Our future research work is based on our previous studies and our technical and theoretical expertise. The overall strategy of team 06 will be to:

 

  1. Analyze the molecular and cellular mechanisms involved in cardiac repair and regeneration. We will also characterize the perivascular identity of resident tissue macrophages in the heart and identify the environmental cues involved in this niche-dependent functional programming.

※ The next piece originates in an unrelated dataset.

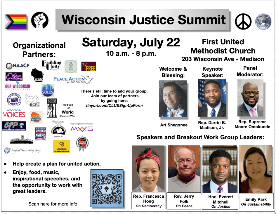 | The “Wisconsin Justice Summit” Saturday, July 22 10 am – 8 pm First United Methodist Church, 302 Wisconsin Ave. Madison WI Organized by Building Unity, member group of WNPJ. Justice activists from all over WI are coming together to forge a strategic plan that will include action for Peace, Justice, Sustainability, and Democracy! The following leaders have thus far signed on to help guide it: –Judge Everett Mitchell –Rep Francesca Hong –Emily Park, 350 Wisconsin –Rev. Jerry Folk, Interfaith Peace Working Group To help us build momentum for the July 22nd Wisconsin Justice Summit, we have launched the Campaign for Love, Unity, and Equity (C.L.U.E.) Please endorse this campaign and the Wisconsin Justice Summit by going here: https://tinyurl.com/CLUESignUpForm Using our “Flier for All of Us” we are showing up and supporting the actions of our partners in hopes of building powerful movement/momentum for the summit on July 22. Register to take part in the summit by going here: https://tinyurl.com/JusticeSummitRegistration Share our Facebook Event: https://fb.me/e/RLg68QZ8 Visit and share this Summit info page: https://tinyurl.com/WIJusticeSummitInfo For more information about how you can help make this Summit an exciting turning point for peace, justice, sustainability and real democracy, call Building Unity at 608-630-3633. Need Madison housing, or can you host in Madison? Call Tim at 608-630-3633. |

  2. Develop a preclinical and translational program targeted at a phase I trial of cardiac progenitor-derived extracellular membrane vesicles in patients with severe heart failure who have exhausted conventional therapeutic options. Through a tight interaction with the Advanced Therapy Medicinal Products platform of AP-HP (hôpital Saint-Louis, Paris), we are implementing a stepwise program ranging from the use of preclinical models of cardiomyopathies and the assessment of their relevant mechanistic features to the purification of clinical-scale volumes of the secretome of cardiovascular progenitor cells (differentiated from induced pluripotent stem cells) under Good Manufacturing Practice conditions. In parallel, we explore different delivery strategies along with their biodistribution patterns in an attempt to conciliate optimization of targeting with user-friendly approaches.